Idlewild Park and SoakZone in Ligonier -- Pennsylvania's oldest amusement park and the third oldest in the nation -- opened in late May. Selected as Best Kids Park in America by Amusement Today magazine and Best Park for Families by a National Amusement Park Historical Association survey, Idlewild dates back to 1878 when it began as picnic grounds for the Ligonier Valley Rail Road.
The park has several theme areas -- including SoakZone water park, Story Book Forest and Mister Rogers' Neighborhood of Make-Believe -- along with 19 major rides that include two coasters.
New this year is Oktoberfest, set for Sept. 8, 9, 15 and 16, and HallowBoo! on weekends in October.
Ticket prices for the 2012 season are $34.99 or $26.99 for seniors. Children 2 and younger get in free. Information: 724-238-3666 or ww.idlewild.com.
One of the oldest and most beloved amusement parks in the nation, Kennywood rides have been up and running since May.

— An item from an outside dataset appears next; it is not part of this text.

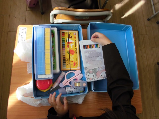 1年 お道具箱、中身の確認

Located in West Mifflin, the park got its start in 1898 as Kenny's Groves, a trolley park for the Monongahela Street Railway Co. Designated a National Historic Landmark in 1987, the park's Lost Kennywood section replicates turn-of-the-century architecture that houses some of the park's most popular rides.
"The park offers six roller coasters and 10 classic rides, 14 rides in Kiddieland and much more to guarantee a unique and memorable experience for any age," said Jeff Filicko, the park's public relations manager.

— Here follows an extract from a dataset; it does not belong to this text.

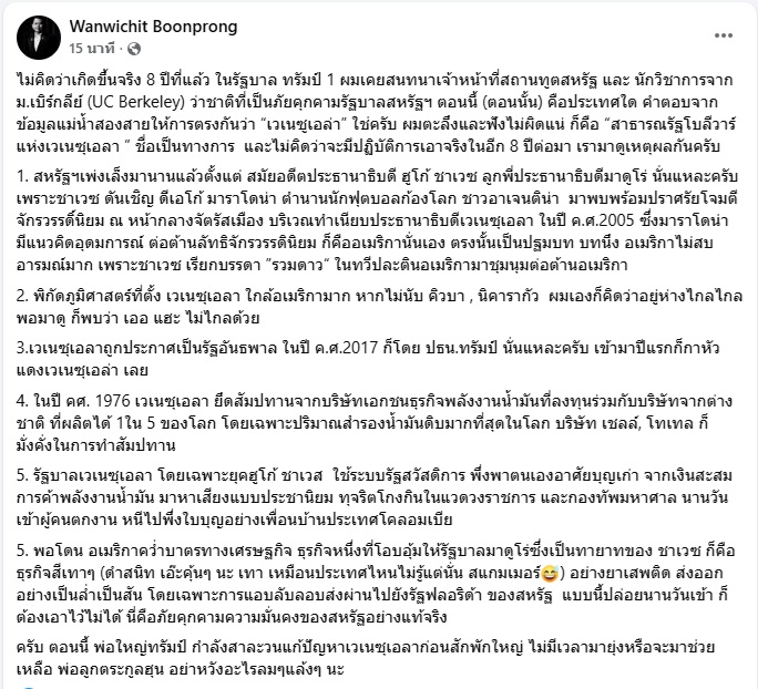 ไม่คิดว่าเกิดขึ้นจริง 8 ปีที่แล้ว ในรัฐบาล ทรัมป์ 1 ผมเคยสนทนาเจ้าหน้าที่สถานทูตสหรัฐ และ นักวิชาการจาก ม.เบิร์กลีย์ (UC Berkeley) ว่าชาติที่เป็นภัยคุกคามรัฐบาลสหรัฐฯ ตอนนี้ (ตอนนั้น) คือประเทศใด คำตอบจากข้อมูลแม่น้ำสองสายให้การตรงกันว่า “เวเนซูเอล่า” ใช่ครับ ผมตะลึงและฟังไม่ผิดแน่ ก็คือ “สาธารณรัฐโบลีวาร์แห่งเวเนซุเอลา ” ชื่อเป็นทางการ และไม่คิดว่าจะมีปฏิบัติการเอาจริงในอีก 8 ปีต่อมา เรามาดูเหตุผลกันครับ

New for 2012, the Black Widow ride begins with up to 40 riders sitting in outward-facing, suspended seats that form a giant circle.

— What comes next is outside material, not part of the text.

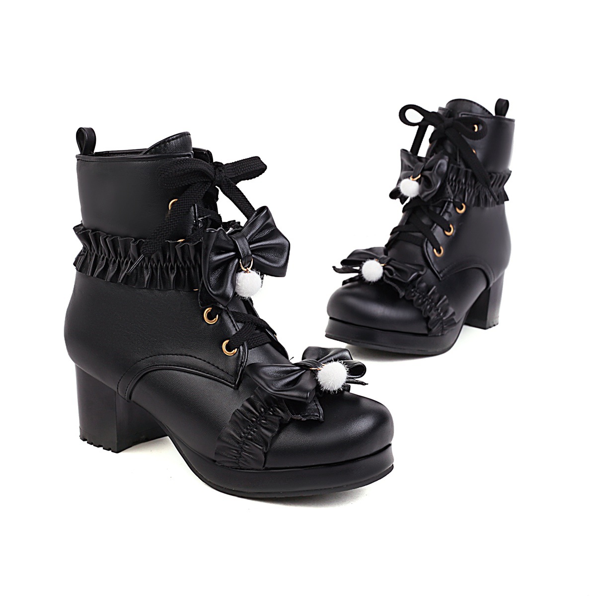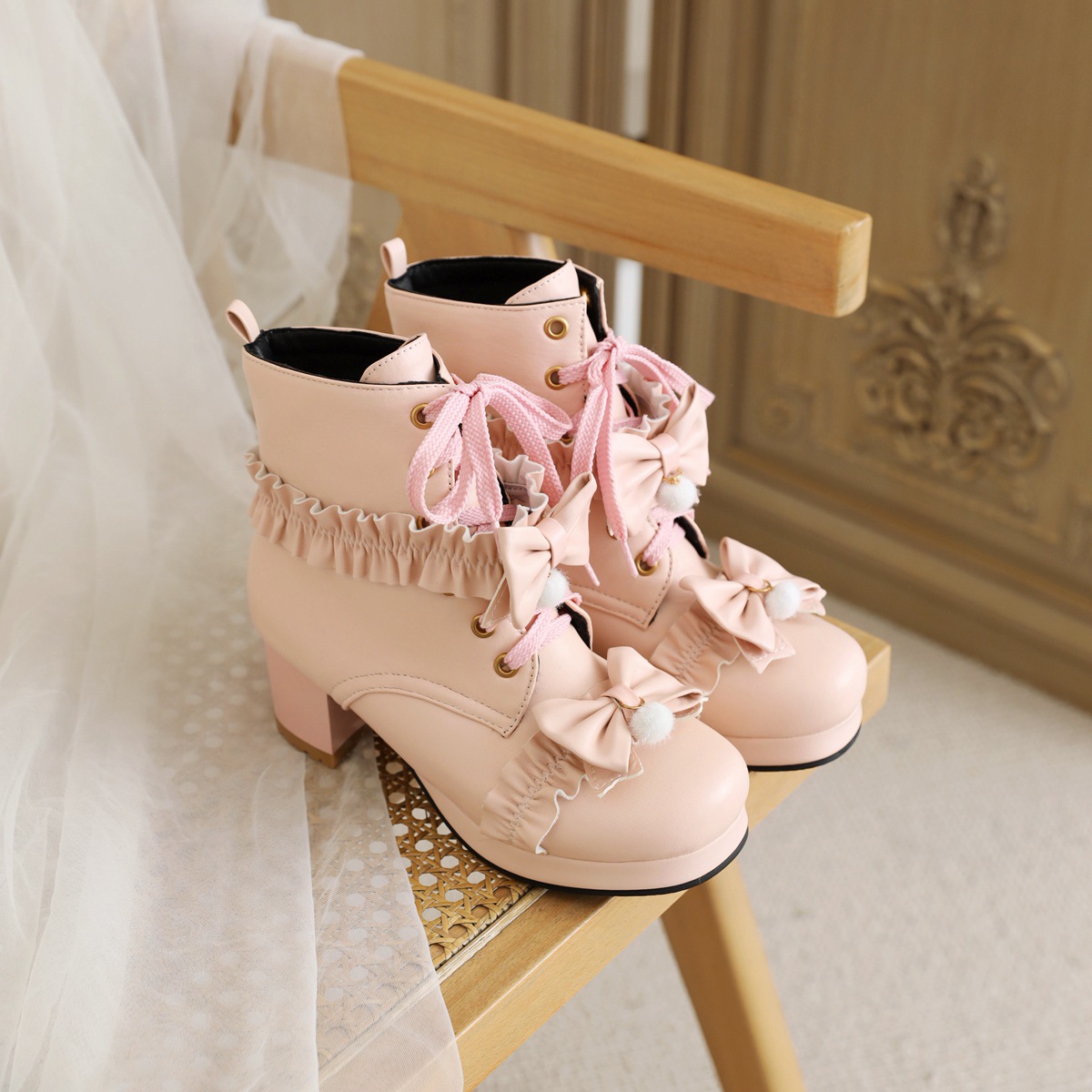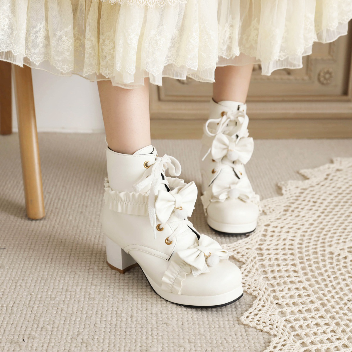 Bowknot Boots With Front Lace Up Thick Heel Short Boots

With legs dangling freely, each rider is secured with a shoulder restraint, and the giant circle begins to swing in a pendulum motion while rotating counterclockwise. At the peak of the swing, riders reach a height of 146 feet above the ground at an angle of 120 degrees from the center. The pendulum motion propels riders back and forth at 68 mph.
Ticket prices went up $2 this season, but the increase for senior citizens is $1. Admission prices start at $10.99 for a senior rider at night to $37.99 for a regular day pass. Children age 2 and younger are admitted free. Details: 412-461-0500 or www.kennywood.com.
For those who'd like to cool off on a hot summer day, Sandcastle, a water park on the banks of the Monongahela River in West Homestead, has been making a big splash since it opened in July 1989 on what had once been the rail yard of U.S. Steel's Homestead Works. Sandcastle is open daily through Aug. 19.
"The idea for the park began with the premise that Pittsburgh needed a beach," said Melissa Kelly, Sandcastle spokeswoman. "To make way for the water park, seven miles of tracks were removed. The low land immediately along the Monongahela -- where the water slides dump their riders into sparkling ponds -- was virtually jungle. The vegetation was so dense on this area 'below the tracks' that it was almost impassable.
"Today, when guests arrive on the boardwalk and look toward the river, the scene is one of unusual beauty and tranquillity -- a pristine setting along a calm, wide waterway backed up by a densely wooded green hillside. The last thing they think about is an abandoned steel mill, but that's where Sandcastle began."
New this year, Dragon's Den is the biggest addition to Sandcastle in nearly 10 years. Riders catapult through a dark 45-foot-long tunnel slide, which plummets into a 35-foot bowl, where they encounter a 9-foot-tall dragon that spits mist at its riders. After completing two to four revolutions in the mist-shrouded abyss, guests suddenly disappear, splashing down in a landing pool.
"We want to try to keep things fun and exciting for our guests," said Sandcastle general manager Damian Dondero. "This has been a few years in the making, and we are excited to add a water slide that is completely different than any other experience we currently have at the park."
Admission increased by $1 from last year, except for group rates, which remain unchanged. The 2012 admission price to Sandcastle is $31.99. The price is $21.99 for those age 55 and older or 4 feet tall and under. Details: 412-462-6666 or sandcastlewaterpark.com.